*ASSIGNMENT:* The output should match, line for line, the records from the line containing "美式猫咪慵懒风宽松毛衣外套女针织衫宽松休闲长袖上衣秋冬新款" through the line containing "K propasírovaným bramborám", with every picture left out.

*SOURCE DATA:*
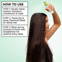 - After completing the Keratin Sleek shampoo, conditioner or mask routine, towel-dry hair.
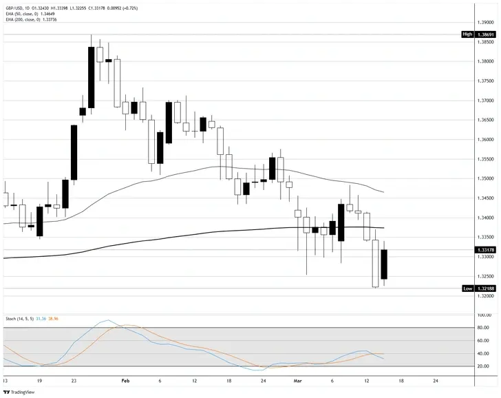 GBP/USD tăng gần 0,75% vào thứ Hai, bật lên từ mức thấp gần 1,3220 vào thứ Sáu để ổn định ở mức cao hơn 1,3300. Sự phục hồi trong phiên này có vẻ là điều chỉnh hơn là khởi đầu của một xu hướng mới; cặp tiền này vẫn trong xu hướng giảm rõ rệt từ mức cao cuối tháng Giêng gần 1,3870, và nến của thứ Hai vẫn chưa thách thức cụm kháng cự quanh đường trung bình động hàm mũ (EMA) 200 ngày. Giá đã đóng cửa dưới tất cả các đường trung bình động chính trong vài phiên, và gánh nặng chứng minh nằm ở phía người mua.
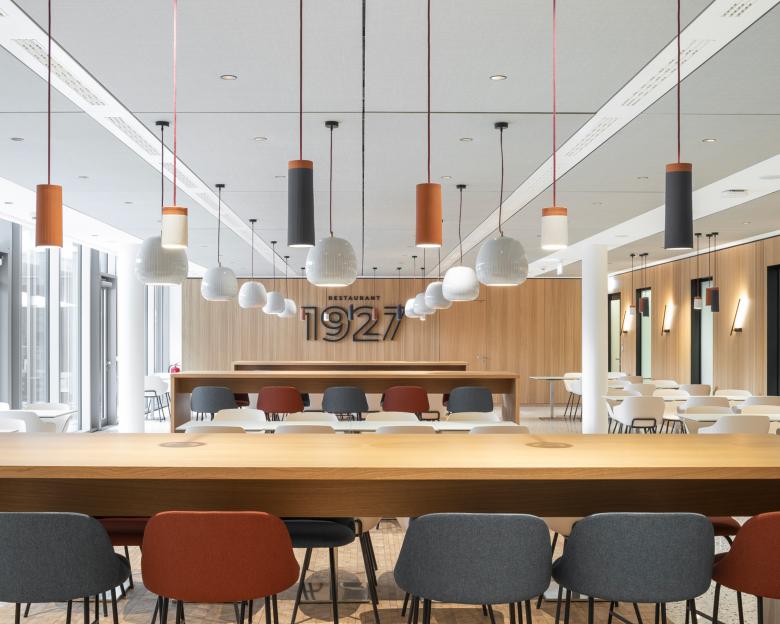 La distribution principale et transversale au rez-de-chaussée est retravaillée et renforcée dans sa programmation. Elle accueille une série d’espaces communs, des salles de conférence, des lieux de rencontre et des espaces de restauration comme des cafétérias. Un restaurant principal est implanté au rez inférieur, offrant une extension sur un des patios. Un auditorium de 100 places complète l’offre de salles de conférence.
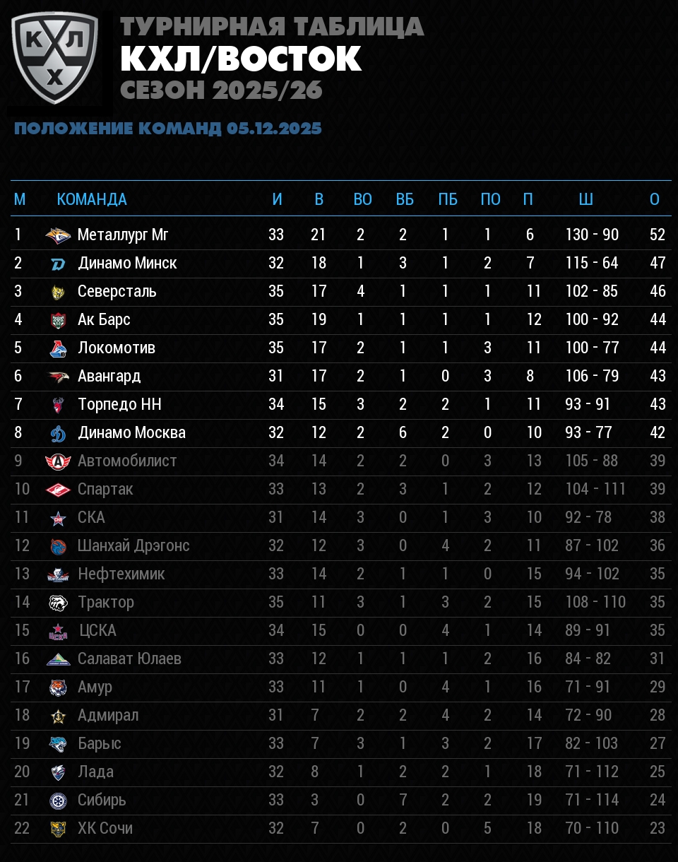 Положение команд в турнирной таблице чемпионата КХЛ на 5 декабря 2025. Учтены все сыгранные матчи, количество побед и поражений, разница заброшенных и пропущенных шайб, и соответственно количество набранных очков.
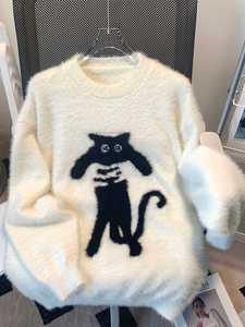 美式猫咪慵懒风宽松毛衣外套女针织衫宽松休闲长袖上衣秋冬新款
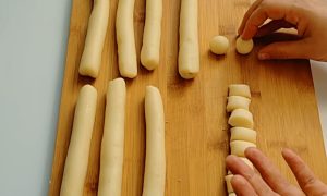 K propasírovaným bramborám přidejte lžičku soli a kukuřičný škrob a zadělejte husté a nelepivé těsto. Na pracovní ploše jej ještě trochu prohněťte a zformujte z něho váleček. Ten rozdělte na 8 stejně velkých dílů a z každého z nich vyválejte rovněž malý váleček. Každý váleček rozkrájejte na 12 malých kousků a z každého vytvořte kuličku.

==

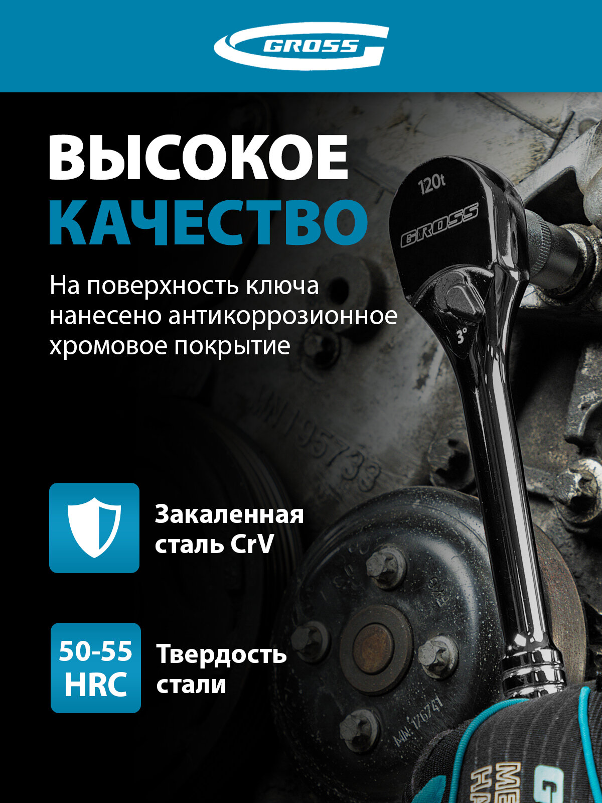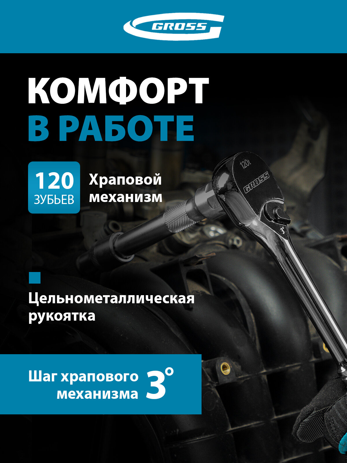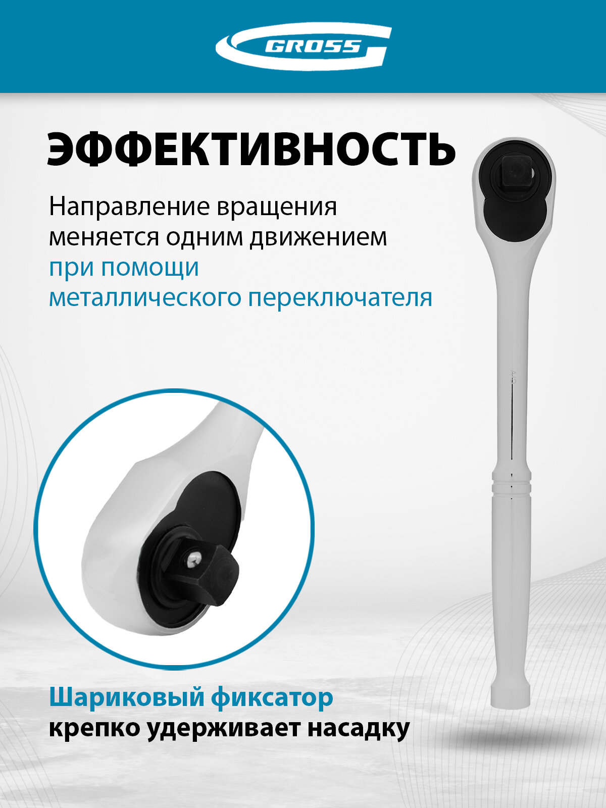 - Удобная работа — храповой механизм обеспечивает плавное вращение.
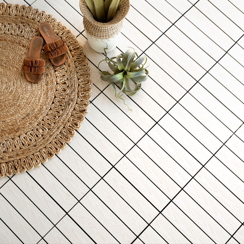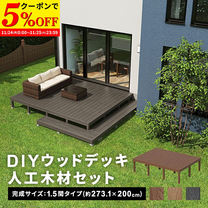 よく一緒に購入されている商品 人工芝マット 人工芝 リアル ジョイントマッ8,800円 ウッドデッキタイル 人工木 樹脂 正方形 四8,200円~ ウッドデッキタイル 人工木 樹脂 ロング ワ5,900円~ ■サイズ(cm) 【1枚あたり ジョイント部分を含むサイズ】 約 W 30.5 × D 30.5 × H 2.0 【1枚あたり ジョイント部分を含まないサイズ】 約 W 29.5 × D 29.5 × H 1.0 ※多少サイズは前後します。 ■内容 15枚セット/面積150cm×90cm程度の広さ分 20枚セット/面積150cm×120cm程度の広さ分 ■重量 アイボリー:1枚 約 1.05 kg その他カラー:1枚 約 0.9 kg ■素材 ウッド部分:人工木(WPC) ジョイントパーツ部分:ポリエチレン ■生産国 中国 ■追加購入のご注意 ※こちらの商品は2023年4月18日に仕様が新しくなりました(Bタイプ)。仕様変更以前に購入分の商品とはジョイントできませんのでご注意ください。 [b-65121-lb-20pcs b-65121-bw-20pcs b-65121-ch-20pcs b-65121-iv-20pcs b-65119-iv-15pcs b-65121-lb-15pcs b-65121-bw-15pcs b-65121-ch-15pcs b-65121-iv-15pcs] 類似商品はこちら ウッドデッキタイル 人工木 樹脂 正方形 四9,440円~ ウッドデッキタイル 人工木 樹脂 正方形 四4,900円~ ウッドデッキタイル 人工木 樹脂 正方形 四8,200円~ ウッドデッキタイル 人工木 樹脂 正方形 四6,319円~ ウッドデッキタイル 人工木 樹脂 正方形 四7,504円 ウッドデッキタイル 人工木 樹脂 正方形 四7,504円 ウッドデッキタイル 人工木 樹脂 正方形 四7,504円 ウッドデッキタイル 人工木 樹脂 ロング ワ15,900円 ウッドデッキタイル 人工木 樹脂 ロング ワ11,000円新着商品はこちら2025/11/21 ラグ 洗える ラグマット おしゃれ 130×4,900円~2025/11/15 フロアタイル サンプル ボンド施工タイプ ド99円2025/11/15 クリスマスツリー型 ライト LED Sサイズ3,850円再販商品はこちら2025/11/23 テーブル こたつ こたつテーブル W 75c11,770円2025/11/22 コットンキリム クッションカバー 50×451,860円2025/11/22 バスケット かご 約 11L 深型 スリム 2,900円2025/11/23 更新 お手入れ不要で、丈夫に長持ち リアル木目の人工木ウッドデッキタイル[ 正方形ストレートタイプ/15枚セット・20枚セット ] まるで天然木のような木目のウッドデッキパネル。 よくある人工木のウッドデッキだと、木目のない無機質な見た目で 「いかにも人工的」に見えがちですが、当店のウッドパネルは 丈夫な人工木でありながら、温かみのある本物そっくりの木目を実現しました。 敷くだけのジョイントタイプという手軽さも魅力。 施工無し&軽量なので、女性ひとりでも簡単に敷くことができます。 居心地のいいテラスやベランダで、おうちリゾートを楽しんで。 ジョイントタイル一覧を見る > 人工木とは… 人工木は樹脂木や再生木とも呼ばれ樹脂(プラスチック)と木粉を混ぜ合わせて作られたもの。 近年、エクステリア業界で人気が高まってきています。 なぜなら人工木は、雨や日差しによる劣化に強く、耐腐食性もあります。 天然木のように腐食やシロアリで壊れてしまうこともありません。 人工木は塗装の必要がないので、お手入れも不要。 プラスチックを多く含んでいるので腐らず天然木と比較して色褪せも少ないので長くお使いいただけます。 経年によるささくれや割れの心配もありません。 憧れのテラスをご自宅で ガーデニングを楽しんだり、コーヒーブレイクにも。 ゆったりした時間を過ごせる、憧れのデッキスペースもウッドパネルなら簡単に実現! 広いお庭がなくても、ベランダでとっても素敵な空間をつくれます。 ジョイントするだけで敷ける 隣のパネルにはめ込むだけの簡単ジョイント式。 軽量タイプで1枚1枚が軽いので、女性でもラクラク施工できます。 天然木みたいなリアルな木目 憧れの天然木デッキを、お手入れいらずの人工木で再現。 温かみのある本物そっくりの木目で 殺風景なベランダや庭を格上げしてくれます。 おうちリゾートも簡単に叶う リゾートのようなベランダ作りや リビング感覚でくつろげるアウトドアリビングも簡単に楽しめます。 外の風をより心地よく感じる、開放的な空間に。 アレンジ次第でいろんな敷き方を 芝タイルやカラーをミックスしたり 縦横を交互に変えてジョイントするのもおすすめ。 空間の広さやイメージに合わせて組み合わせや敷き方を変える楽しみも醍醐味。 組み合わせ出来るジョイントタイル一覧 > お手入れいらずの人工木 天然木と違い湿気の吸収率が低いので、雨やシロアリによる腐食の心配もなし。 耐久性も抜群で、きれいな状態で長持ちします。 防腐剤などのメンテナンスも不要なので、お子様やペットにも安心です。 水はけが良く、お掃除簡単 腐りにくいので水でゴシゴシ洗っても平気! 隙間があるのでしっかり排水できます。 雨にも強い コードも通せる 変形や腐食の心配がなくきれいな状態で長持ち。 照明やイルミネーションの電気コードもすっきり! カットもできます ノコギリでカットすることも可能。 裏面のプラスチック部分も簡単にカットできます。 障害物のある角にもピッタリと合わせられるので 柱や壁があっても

*SOLUTION TO THIS PROBLEM:*
 美式猫咪慵懒风宽松毛衣外套女针织衫宽松休闲长袖上衣秋冬新款
 K propasírovaným bramborám přidejte lžičku soli a kukuřičný škrob a zadělejte husté a nelepivé těsto. Na pracovní ploše jej ještě trochu prohněťte a zformujte z něho váleček. Ten rozdělte na 8 stejně velkých dílů a z každého z nich vyválejte rovněž malý váleček. Každý váleček rozkrájejte na 12 malých kousků a z každého vytvořte kuličku.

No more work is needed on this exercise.